Iraqi journalist (born 1979)

Muntadhar al-Zaidi (منتظر الزيدي; born 15 January 1979) (Note: Alternative transliterations used in Western media: Muthathar, Muntadhar, Muntadar, Muntazer, Muntader, Muthathi; al-Zeidi) is an Iraqi broadcast journalist who served as a correspondent for Iraqi-owned, Egypt-based Al-Baghdadia TV. As of February 2011, al-Zaidi worked with a Lebanese TV channel.

After the U.S. invasion of Iraq, al-Zaidi became a journalist, and wrote a story on a schoolgirl shot by American forces, who attempted to cover up the incident. Aftwards, on 16 November 2007, al-Zaidi was kidnapped by unknown assailants in Baghdad likely affiliated with the Iraqi government, and arrested by United States Armed Forces. On 14 December 2008, al-Zaidi threw his shoes at U.S. President George W. Bush during a Baghdad press conference while shouting, "This is a farewell kiss from the Iraqi people, you dog." Al-Zaidi suffered injuries as he was taken into custody and some sources said that he was tortured during his initial detention. There were calls throughout the Middle East to place the shoes in an Iraqi museum, but the shoes were later destroyed by U.S. and Iraqi security forces. Al-Zaidi's shoeing inspired many similar incidents of political protest around the world.

Following the incident, al-Zaidi was represented by the head of the Iraqi Bar Association at his trial.
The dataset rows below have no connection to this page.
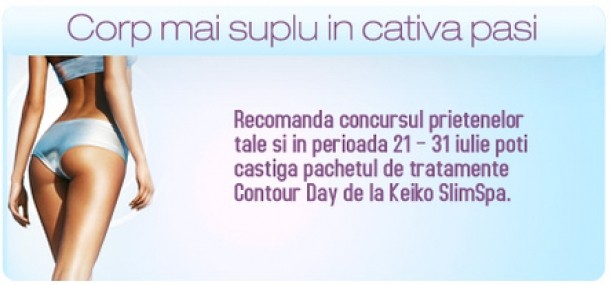 Contour Day de la Keiko SlinSpa este un pachet de tratamente care iti vor remodela corpul, rezultatul fiind masurat in centimetri in minus.
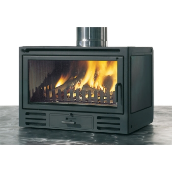 Wkład kominkowy na drewno, idealny do odnawiania starych kominków otwartych lub tworzenia nowych, charakteryzujący się stonowaną i podstawową elegancją.
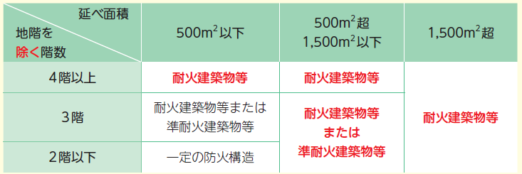 耐火建築物以外の一定の耐火設備を施した建築物で、政令で定める耐火構造に準ずる性能を有するもの。
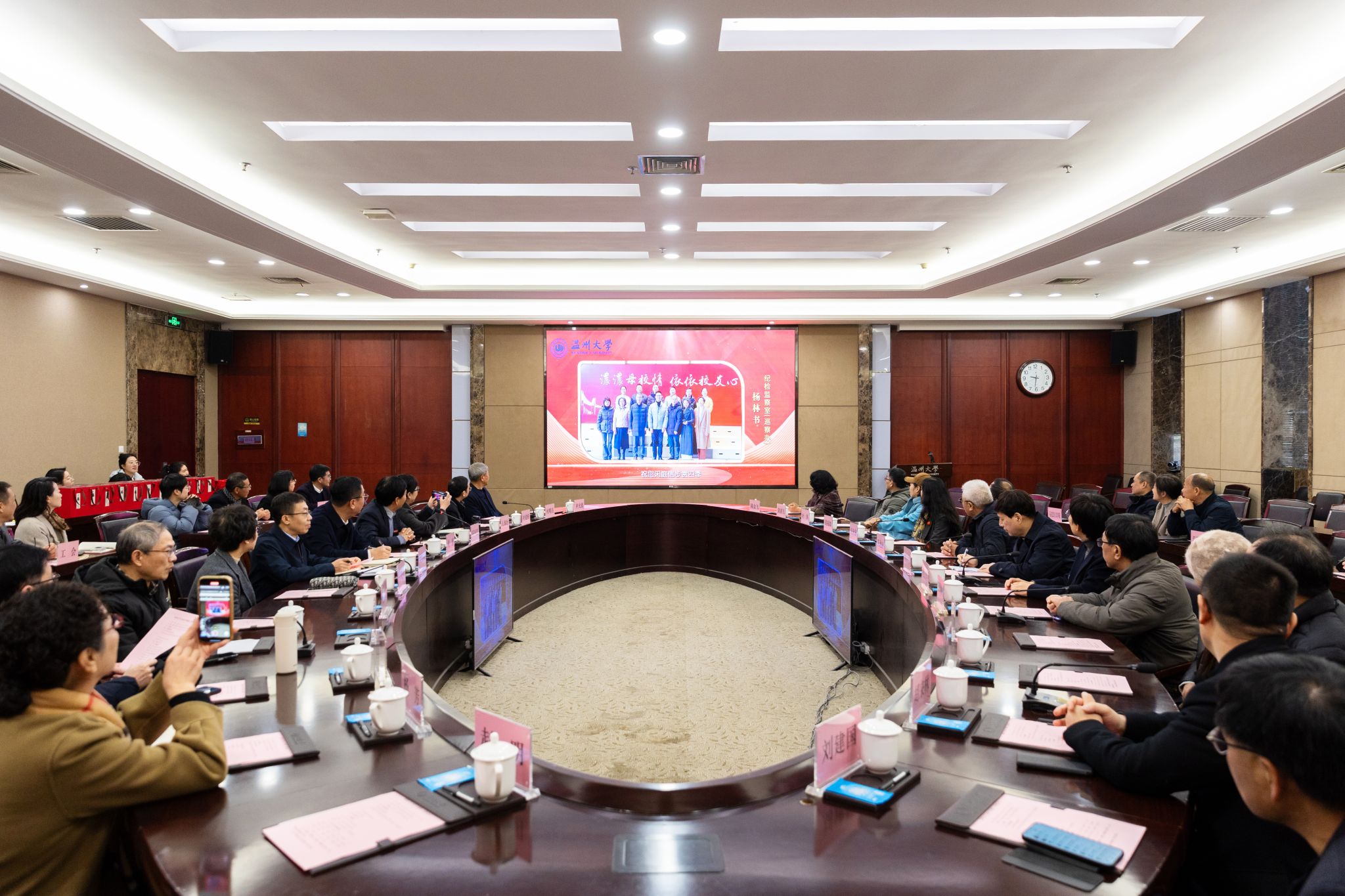 与会人员观看了由各单位与人事处共同精心制作的“温大感谢您”祝福视频。视频中,一幕幕温馨的画面勾起了大家坚守初心、奉献教育的共同回忆,现场氛围庄重而温暖。

On 20 February 2009, al-Zaidi received a 90-minute trial by the Central Criminal Court of Iraq. On 12 March 2009, he was sentenced to three years in prison for assaulting a foreign head of state during an official visit. On 7 April, the sentence was reduced to one year. He was released on 15 September 2009 for good behavior after spending nine months in jail. After his release, al-Zaidi was treated for injuries received in prison and later said he planned to "build orphanages, a children's hospital, and medical and orthopaedic centres offering free treatment and manned by Iraqi doctors and medical staff."

==Biography==

Muntadhar al-Zaidi was raised in Sadr City, a suburb of Baghdad, Iraq, and his family is of Shia Muslim faith. and unmarried. Disturbed by the violence and disrespect of American soldiers in Baghdad, he feared widespread calamity resulting from the invasion, and to document events he began working as a correspondent for Al-Baghdadia TV in 2005. In 2007, American forces were struck by a car bomb in Baghdad, and began firing indiscriminately into the neighborhood, mortally wounding a schoolgirl named Zahra. Despite intimidation from American soldiers, al-Zaidi interviewed local Iraqis including Zahra's friends, and reported the story. Ahmed Alaa, a close friend and colleague of al-Zaidi at al-Baghdadia television (barred in Iraq 2014), in a talk on Islam Online, refers to "One of [al-Zaidi's] best reports" "on Zahra, a young Iraqi school girl killed by the occupation forces while en route to school." Alaa said al-Zaidi documented the tragedy in his reportage, complete with interviews with her family, neighbors and friends. "This report earned him the respect of many Iraqis and won him many hearts in Iraq," he said. Al-Zaidi once also turned down an offer to work for what he termed "a pro-occupation channel".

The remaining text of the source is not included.